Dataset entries
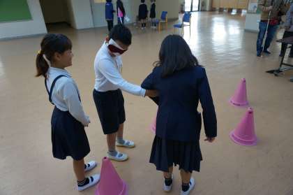 4年生はゲストティーチャーをお招きして、アイマスク体験をしました。
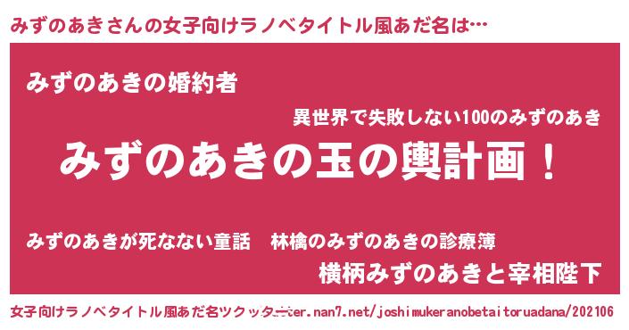 | 男性向けラノベタイトル風あだ名 | 『転生したらみずのあきだった件』 |
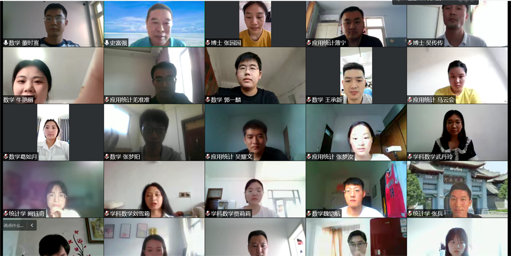 9月6日下午,史富强以“院史院情教育”为主题,首先对当前开封市和我校的疫情防控形势进行了介绍,对同学们疫情期间的健康状况表示关切,并代表学院表达了对全体2022级研究生新生的热烈欢迎。接着讲述了亚搏平台辉煌的历史、艰难曲折的发展道路以及逐步复兴的历程。然后以学院的发展史为切入点,详细介绍了黄际遇、陈作钧、樊映川、黄敦慈、杜孟模、刘亚星等先后在学院执教的著名数学家和教育家,他们为学院的发展作出了巨大贡献,令同学们身临其境,感受颇深。最后,史富强勉励同学们要加强体育锻炼,在学习生活中养成独立思考、解决问题的能力,提升自身综合素质,努力成为创新型、应用型、复合型优秀人才。会议结束时,史富强与同学们“云”合影留念。
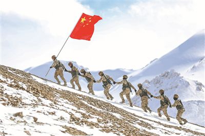 新疆軍區某邊防團官兵不畏嚴寒巡邏守邊。 黃飛皓攝
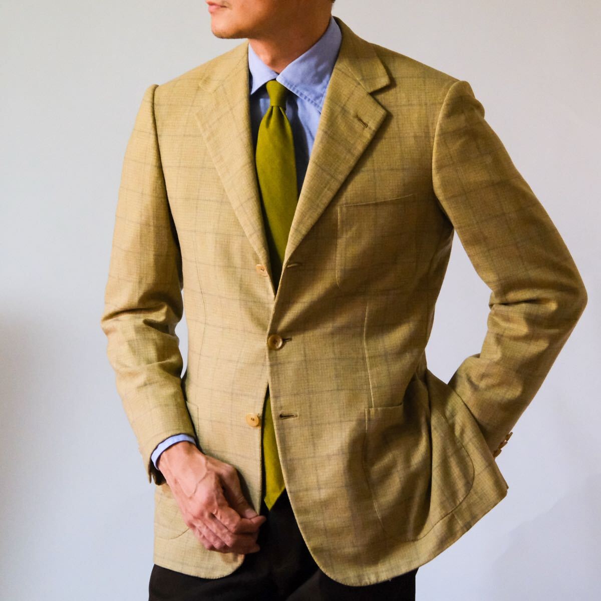 - Brioniブリオーニ イエローベージュピュアカシミヤペンチェックジャケット48
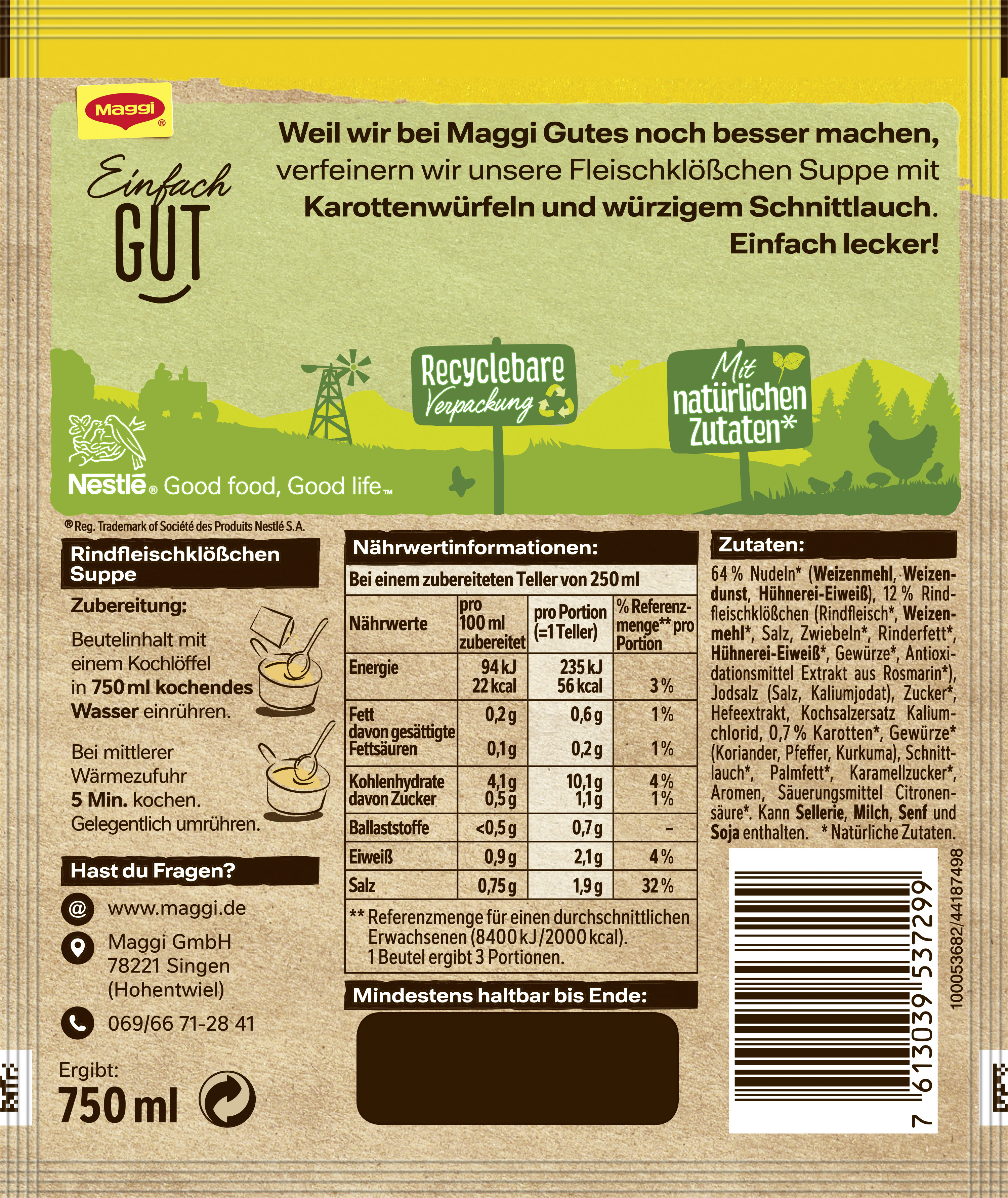 myTime Assortment Yes myTime Article Number 4502070348 myTime Product Title Maggi Guten Appetit Fleischklößchen Suppe EAN 07613039537299 Material Number 12445276 Marke MAGGI Product Name MAGGI GUTEN APPETIT Fleischklößchen Suppe, ergibt 750ml Net Content 750 Net Content UoM MLT Net Weight 50 Net Weight UoM GRM Artikel Höhe 150.000 Artikel Höhe UoM MMT Artikel Breite 127.000 Artikel Breite UoM MMT Artikel Länge 18.000 Artikel Länge UoM MMT Schlagwörter Tütensuppe, Fertigsuppe, Knorr Bezeichnung Rindfleischklößchen Suppe Beschreibung Wer Fleischsuppen mag, wird die Maggi Guten Appetit Fleischklößchen Suppe lieben. Dieses Suppenrezept ist ein echter Klassiker! Die herzhafte Fleischsuppe mit würzigen Rindfleischklößchen und Nudeln begeistert Jung und Alt. In wenigen Minuten ist die leckere Fleischklößchensuppe fertig und kann von hungrigen Suppenfans verspeist werden! Fleischklößchensuppe einfach zubereiten Rühre einfach den Beutelinhalt in 750 ml kaltes Wasser ein. Lass das Ganze unter Rühren aufkochen und bei mittlerer Wärmezufuhr für ca. 5 Minuten kochen. Dabei gelegentlich umrühren und fertig sind drei Teller der herzhaft-leckeren Fleischklößchensuppe. Unser Guten-Appetit-Tipp: Bestreue die Suppe mit 1 EL gehackter Petersilie für eine frische Kräuternote! Weitere kreative und leckere Rezeptideen gibt’s auf maggi.de. Zubereitung Zubereitung: Beutelinhalt mit einem Kochlöffel in 750 ml kochendes Wasser einrühren. Bei mittlerer Wärmezufuhr 5 Min. kochen. Gelegentlich umrühren. Zutaten Zutaten: 64 % Nudeln* (WEIZENMEHL, WEIZENDUNST, HÜHNEREI-EIWEISS), 12 % Rindfleischklößchen (Rindfleisch*, WEIZENMEHL*, Salz, Zwiebeln*, Rinderfett*, HÜHNEREI-EIWEISS*, Gewürze*, Antioxidationsmittel Extrakt aus Rosmarin*), Jodsalz (Salz, Kaliumjodat), Zucker*, Hefeextrakt, Kochsalzersatz Kaliumchlorid, 0,7 % Karotten*, Gewürze* (Koriander, Pfeffer, Kurkuma), Schnittlauch*, Palmfett*, Karamellzucker*, Aromen, Säuerungsmittel Citronensäure*. Kann SELLERIE, MILCH, SENF und SOJA enthalten. *Natürliche Zutaten.
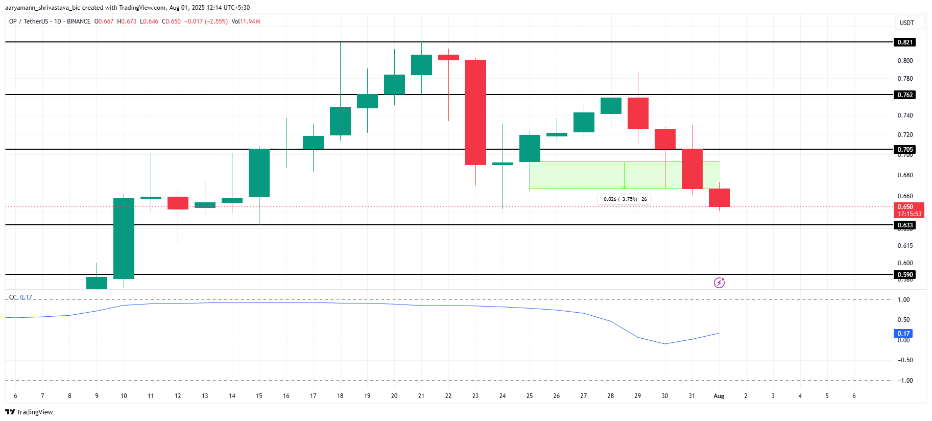 Однак, якщо ринок не зможе підтримати бичачий імпульс, OP може продовжити свій спадний тренд. Прорив нижче рівня підтримки $0,63 може призвести до подальших втрат, з потенційним падінням ціни до $0,59, що анулює будь-які бичачі прогнози на короткострокову перспективу.
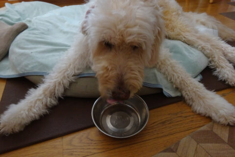 Dogsふやかして練り物状にしたゴハンは食が進まない様子。体調も良さそうなので、カリカリのまま与えててみたら凄まじい勢いでガツガツと食べてしまった。
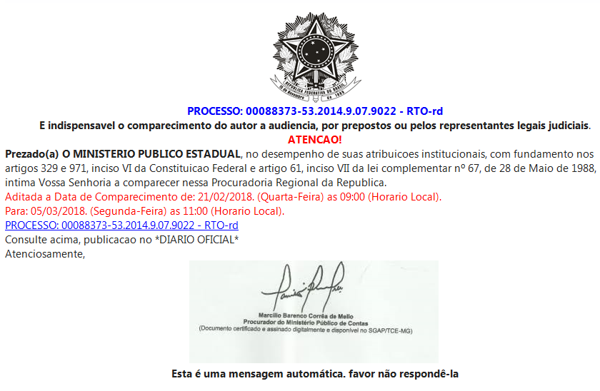 O Ministério Público de Contas do Estado de São Paulo vem através deste canal alertar a população sobre a existência de falso e-mail na internet convocando para o comparecimento de uma suposta audiência de um processo de nº 00088373-53.2014.07.9022 - RTO-rd.

■ **Problem description**:
Each record, word for word, should be printed again without its pictures.

■ **Output of the task**:
 4年生はゲストティーチャーをお招きして、アイマスク体験をしました。
 | 男性向けラノベタイトル風あだ名 | 『転生したらみずのあきだった件』 |
 9月6日下午,史富强以“院史院情教育”为主题,首先对当前开封市和我校的疫情防控形势进行了介绍,对同学们疫情期间的健康状况表示关切,并代表学院表达了对全体2022级研究生新生的热烈欢迎。接着讲述了亚搏平台辉煌的历史、艰难曲折的发展道路以及逐步复兴的历程。然后以学院的发展史为切入点,详细介绍了黄际遇、陈作钧、樊映川、黄敦慈、杜孟模、刘亚星等先后在学院执教的著名数学家和教育家,他们为学院的发展作出了巨大贡献,令同学们身临其境,感受颇深。最后,史富强勉励同学们要加强体育锻炼,在学习生活中养成独立思考、解决问题的能力,提升自身综合素质,努力成为创新型、应用型、复合型优秀人才。会议结束时,史富强与同学们“云”合影留念。
 新疆軍區某邊防團官兵不畏嚴寒巡邏守邊。 黃飛皓攝
 - Brioniブリオーニ イエローベージュピュアカシミヤペンチェックジャケット48
 myTime Assortment Yes myTime Article Number 4502070348 myTime Product Title Maggi Guten Appetit Fleischklößchen Suppe EAN 07613039537299 Material Number 12445276 Marke MAGGI Product Name MAGGI GUTEN APPETIT Fleischklößchen Suppe, ergibt 750ml Net Content 750 Net Content UoM MLT Net Weight 50 Net Weight UoM GRM Artikel Höhe 150.000 Artikel Höhe UoM MMT Artikel Breite 127.000 Artikel Breite UoM MMT Artikel Länge 18.000 Artikel Länge UoM MMT Schlagwörter Tütensuppe, Fertigsuppe, Knorr Bezeichnung Rindfleischklößchen Suppe Beschreibung Wer Fleischsuppen mag, wird die Maggi Guten Appetit Fleischklößchen Suppe lieben. Dieses Suppenrezept ist ein echter Klassiker! Die herzhafte Fleischsuppe mit würzigen Rindfleischklößchen und Nudeln begeistert Jung und Alt. In wenigen Minuten ist die leckere Fleischklößchensuppe fertig und kann von hungrigen Suppenfans verspeist werden! Fleischklößchensuppe einfach zubereiten Rühre einfach den Beutelinhalt in 750 ml kaltes Wasser ein. Lass das Ganze unter Rühren aufkochen und bei mittlerer Wärmezufuhr für ca. 5 Minuten kochen. Dabei gelegentlich umrühren und fertig sind drei Teller der herzhaft-leckeren Fleischklößchensuppe. Unser Guten-Appetit-Tipp: Bestreue die Suppe mit 1 EL gehackter Petersilie für eine frische Kräuternote! Weitere kreative und leckere Rezeptideen gibt’s auf maggi.de. Zubereitung Zubereitung: Beutelinhalt mit einem Kochlöffel in 750 ml kochendes Wasser einrühren. Bei mittlerer Wärmezufuhr 5 Min. kochen. Gelegentlich umrühren. Zutaten Zutaten: 64 % Nudeln* (WEIZENMEHL, WEIZENDUNST, HÜHNEREI-EIWEISS), 12 % Rindfleischklößchen (Rindfleisch*, WEIZENMEHL*, Salz, Zwiebeln*, Rinderfett*, HÜHNEREI-EIWEISS*, Gewürze*, Antioxidationsmittel Extrakt aus Rosmarin*), Jodsalz (Salz, Kaliumjodat), Zucker*, Hefeextrakt, Kochsalzersatz Kaliumchlorid, 0,7 % Karotten*, Gewürze* (Koriander, Pfeffer, Kurkuma), Schnittlauch*, Palmfett*, Karamellzucker*, Aromen, Säuerungsmittel Citronensäure*. Kann SELLERIE, MILCH, SENF und SOJA enthalten. *Natürliche Zutaten.
 Однак, якщо ринок не зможе підтримати бичачий імпульс, OP може продовжити свій спадний тренд. Прорив нижче рівня підтримки $0,63 може призвести до подальших втрат, з потенційним падінням ціни до $0,59, що анулює будь-які бичачі прогнози на короткострокову перспективу.
 Dogsふやかして練り物状にしたゴハンは食が進まない様子。体調も良さそうなので、カリカリのまま与えててみたら凄まじい勢いでガツガツと食べてしまった。
 O Ministério Público de Contas do Estado de São Paulo vem através deste canal alertar a população sobre a existência de falso e-mail na internet convocando para o comparecimento de uma suposta audiência de um processo de nº 00088373-53.2014.07.9022 - RTO-rd.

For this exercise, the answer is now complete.